Despite these constraints, there is a significant demand for GPT to incorporate new information, especially for applications like tailored Q&A bots for specific organizational knowledge bases. While seemingly intuitive, “teaching” GPT something repeatedly in a conversation won’t ingest the knowledge into the model. Because as we explained, having conversation with GPT won’t alter the model in any way. It may appear to have the knowledge at first, because this “knowledge” is included in the prompt as part of historical conversations, but will immediately lose it when a new conversation starts.

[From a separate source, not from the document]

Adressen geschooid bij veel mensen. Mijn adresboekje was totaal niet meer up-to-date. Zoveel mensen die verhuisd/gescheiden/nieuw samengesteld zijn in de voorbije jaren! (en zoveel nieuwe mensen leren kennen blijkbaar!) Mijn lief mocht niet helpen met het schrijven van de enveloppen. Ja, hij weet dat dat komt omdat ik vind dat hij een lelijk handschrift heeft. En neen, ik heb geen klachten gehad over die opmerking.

While a detailed explanation of this topic is reserved for the 4th module, including the knowledge in the prompt is indeed an effective way to temporarily “inform” GPT of new data. Furthermore, OpenAI offers capabilities, such as with GPTs, for users to upload documents, thereby integrating a custom knowledge base directly into the interaction. This feature opens up new possibilities for personalized application.
Context Window
The power of LLMs, despite their impressive capabilities, is not without bounds. An important limitation is the length of the input they can process, known as the (input) context window. For instance, in the infantry of commercial LLMs, GPT-3.5-Turbo can handle up to 16k tokens. GPT-4-Turbo extends to 128k, and GPT-5 to 400k tokens. Given that a token approximates 0.75 words, GPT-5’s maximum input spans roughly 300k words, or about 600 pages. However, it’s observed that the model’s performance (or “smartness”) starts to decline before reaching its maximum limit, often around 80k tokens, where it might miss details or forget earlier input.

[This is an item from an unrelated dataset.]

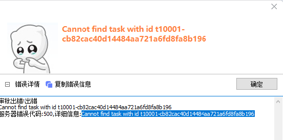 服务器错误代码:500,详细信息:Cannot find task with id xxx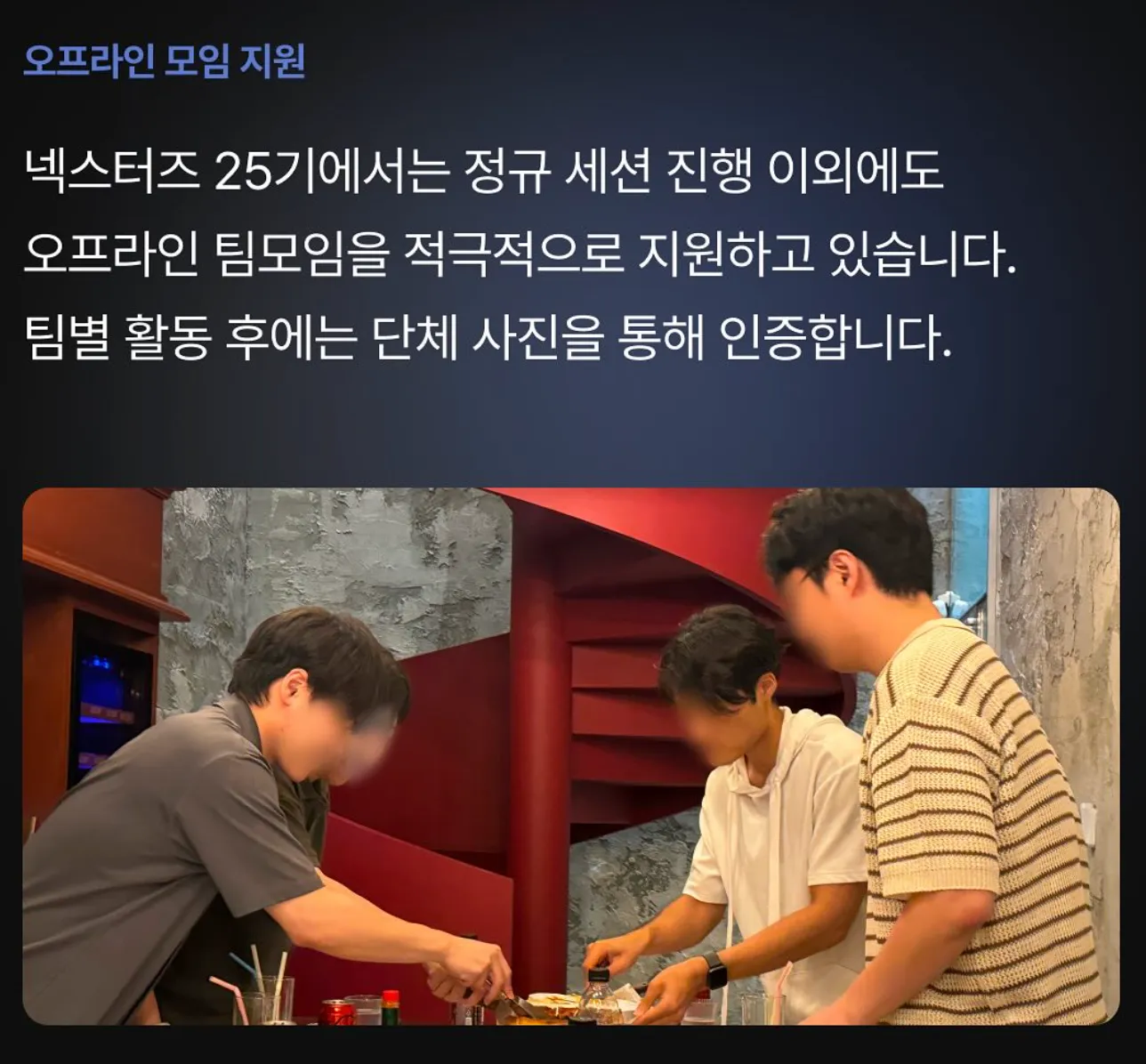 첫 회식에서 지훈이랑 상운이가 테이블이 옆팀과 같이 앉아서 두개의 대화가 겹쳐서 결국 둘다 못듣고 계속 전달받았던게 생각난다 🤣

This constraint is particularly relevant when distinguishing between the GPT model and its product form ChatGPT. Although the GPT-5 model theoretically could support up to 400k tokens, ChatGPT’s practical use case is limited by a smaller context window. This limitation isn’t due to the GPT’s model itself, but a design choice for ChatGPT by OpenAI to ensure manageable and effective interaction. For example, free tier users get 8k context window, Plus tier users get 32k, while the Pro and Enterprise users get 128k. In other words, when a certain input triggers the error message below, invoking the raw GPT’s capability using raw API may still produce a response.

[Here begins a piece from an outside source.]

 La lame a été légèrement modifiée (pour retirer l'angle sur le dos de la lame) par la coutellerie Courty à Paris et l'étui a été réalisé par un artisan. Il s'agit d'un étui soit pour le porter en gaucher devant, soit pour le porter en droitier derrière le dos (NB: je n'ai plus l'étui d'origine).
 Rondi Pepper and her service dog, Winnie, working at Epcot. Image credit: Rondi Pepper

As ChatGPT incorporates conversation history into its current context, the finite size of the context window means it cannot remember indefinitely, preventing ChatGPT from including the earliest conversations in the prompt, leading to forgetfulness in longer interactions. It’s important to recognize this as a limitation of the ChatGPT interface rather than the underlying GPT model. For those looking to leverage the full context window capacity, directly utilizing OpenAI’s API is a solution. For ChatGPT users, effective context window management is the key to get around these problems, which we will introduce in the next lesson.